Follow these notes in Rocq at src/sys_verif/notes/induction.v.

Learning outcomes

By the end of this lecture, you should be able to

Translate informal proof to mechanized proof
Appreciate the nuances of induction

Proving disjunctions and exists statements

Inductive day : Type :=
| monday
| tuesday
| wednesday
| thursday
| friday
| saturday
| sunday.

Definition is_weekend (d: day) :=
  d = saturday \/ d = sunday.

Definition next_weekday (d: day) : day :=
  match d with
  | monday => tuesday
  | tuesday => wednesday
  | wednesday => thursday
  | thursday => friday
  | friday => monday
  | saturday => monday
  | sunday => monday
  end.

Definition next_day (d: day) : day :=
  match d with
  | monday => tuesday
  | tuesday => wednesday
  | wednesday => thursday
  | thursday => friday
  | friday => saturday
  | saturday => sunday
  | sunday => monday
  end.

Lemma weekend_next_day_weekend (d: day) :
  d = friday \/ d = saturday ->
  is_weekend (next_day d).
Proof.
Admitted.

Proving an [exists] is complicated and we'll have more to say, but try to think through this intuitively for now.

Lemma wednesday_has_prev_day : exists d, next_day d = wednesday.
Proof.
  exists tuesday.
  simpl. reflexivity.
Qed.

In-class exercise: informal proof

Now let's prove something more interesting: every day has a previous day.

Think-pair-share and come up with an informal proof strategy. Then I'll show how to translate it to a Rocq proof.

Lemma every_day_has_prev : forall d, exists d', next_day d' = d.
Proof.
  (* Goal is a forall, so introduce it. *)
  intros d.
Admitted.

Challenging proof: the above lemma becomes false if next_day is replaced with next_weekday. Let's prove that.

Lemma every_day_does_not_have_prev_weekday : ~forall d, exists d', next_weekday d' = d.
Proof.
Admitted.

Exercise: safe vs unsafe tactics (part 1)

Recall some tactics we've seen:

intros
destruct
left
right
reflexivity
simpl
exists (provides a witness when the goal is exists (x: T), P x)

Define an safe tactic as one that if the goal is true, creates only true goals. Define an unsafe tactic as a not safe tactic (bonus question: can you rephrase that without the negation?)
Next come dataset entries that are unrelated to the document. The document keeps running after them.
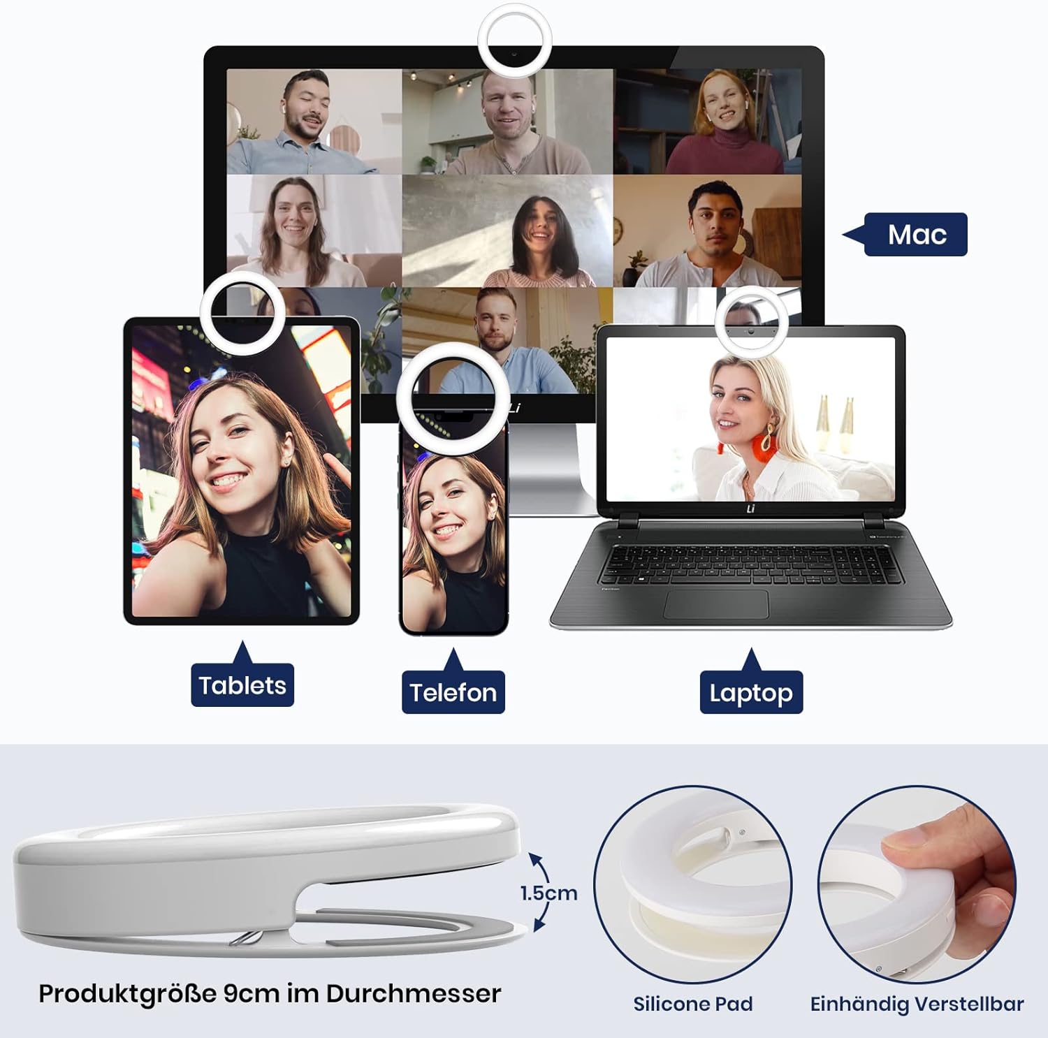 ◆ LIGHTWEIGHT – The selfie light ring is super lightweight and easy to fit in your pocket, so you can get the perfect selfie anywhere. Moreover, the 450mAH built-in battery can last 4-7 hours and can be recharged at any laptop.
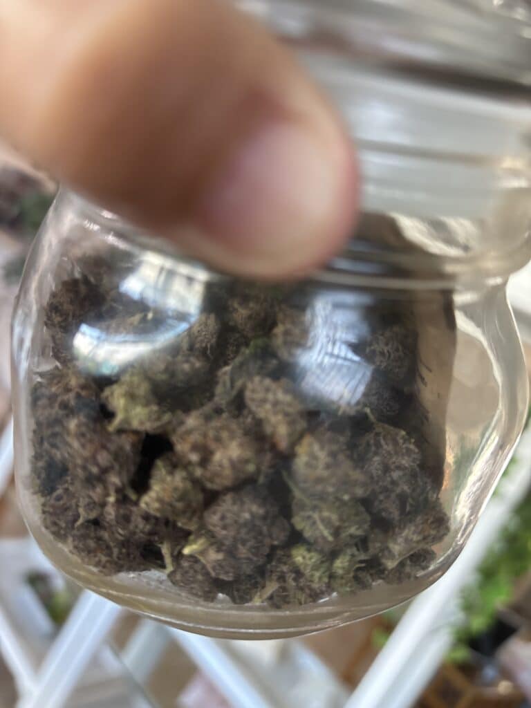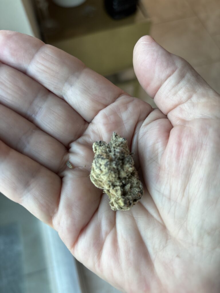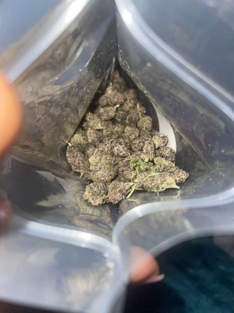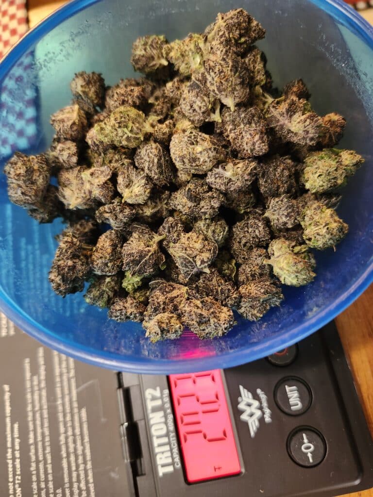 These tiny beautiful purple nugs are very tasteful. The hit is nice and smooth. And the buzz in definitely top shelf. This compares to any exotic at half the price. Better not let this deal go by. And it almost weighed.😁 hahahahaha I burnt one out of it so it weighed over!‘!!
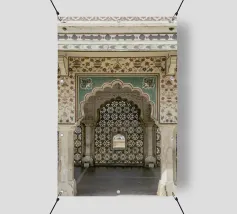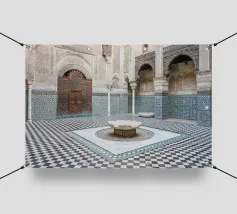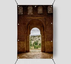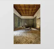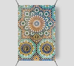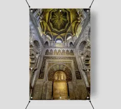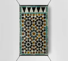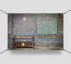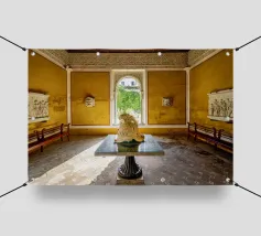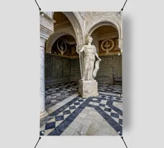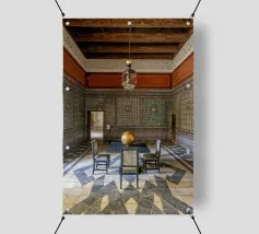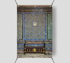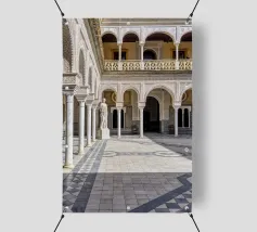 L'immagine mostra un interno storico della Casa de Pilatos di Siviglia, un palazzo del XVI secolo con influenze architettoniche mudéjar, gotiche e rinascimentali. Le pareti sono completamente ricoperte da piastrelle decorate con motivi geometrici e floreali nei toni del blu, del verde e del marrone. Queste piastrelle sono tipiche dell'arte mudéjar e riflettono la diversità culturale dell'Andalusia. Il soffitto è costituito da pannelli in legno dorato con complessi ornamenti e rilievi che documentano la maestria dell'epoca.
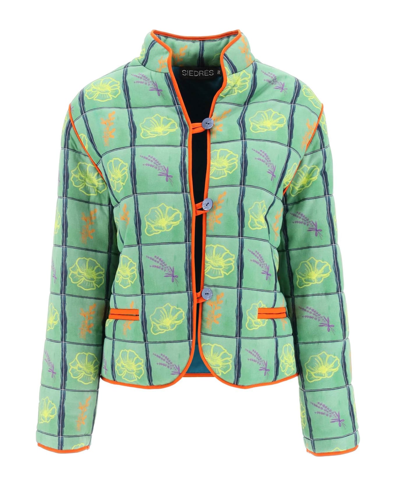 Siedrés jacket made of lightly padded, quilted viscose, with an all-over floral print. The oversized boxy silhouette is finished with a Mandarin collar, a front closure with mother-of-pearl buttons, and contrast trims. The model is 177 cm tall and wears a size EU 36.

Which of the above tactics are safe? Why?

Proofs about recursive functions

Module NatDefs.
  (* copy of standard library nat and `Nat.add` (typically written x + y) *)
  Inductive nat : Type :=
  | O
  | S (n: nat).

  Fixpoint add (n1: nat) (n2: nat) : nat :=
    match n1 with
    | O => n2
    (* notice _shadowing_ of [n1] *)
    | S n1 => S (add n1 n2)
    end.
End NatDefs.

We'll go back to using the standard library definitions for the rest of the file.

Module MoreNatProofs.

Lemma add_0_l n :
  0 + n = n.
Proof.
  simpl. (* Works because [add] pattern matches on the first argument. *)
  reflexivity.
Qed.

The above proof is a "proof by computation" which followed from the definition of add. The reverse doesn't follow from just computation: add pattern matches on n, but it's a variable. Instead, we need to prove this by induction:

(** This will generally be set for you in this class. It enforces structured
proofs, requiring a bullet ([-], [+], and [*] in Ltac) or curly brace when
there's more than one subgoal.
*)
Set Default Goal Selector "!".

Lemma add_0_r_failed n :
  n + 0 = n.
Proof.
  destruct n as [|n].
  - simpl.
    reflexivity.
  - simpl.
    (* do this again?? *)
    destruct n as [|n].
Abort.

Recall the principle of induction: if $P$ is some property of natural numbers and we want to prove $\forall n, P(n)$ , then we can do the proof as follows:

base case: show that $P(0)$ is true
inductive step: for any $n'$ , assume $P(n')$ and prove $P(1 + n')$ .

From these two we conclude exactly what we wanted: $\forall n, P(n)$ .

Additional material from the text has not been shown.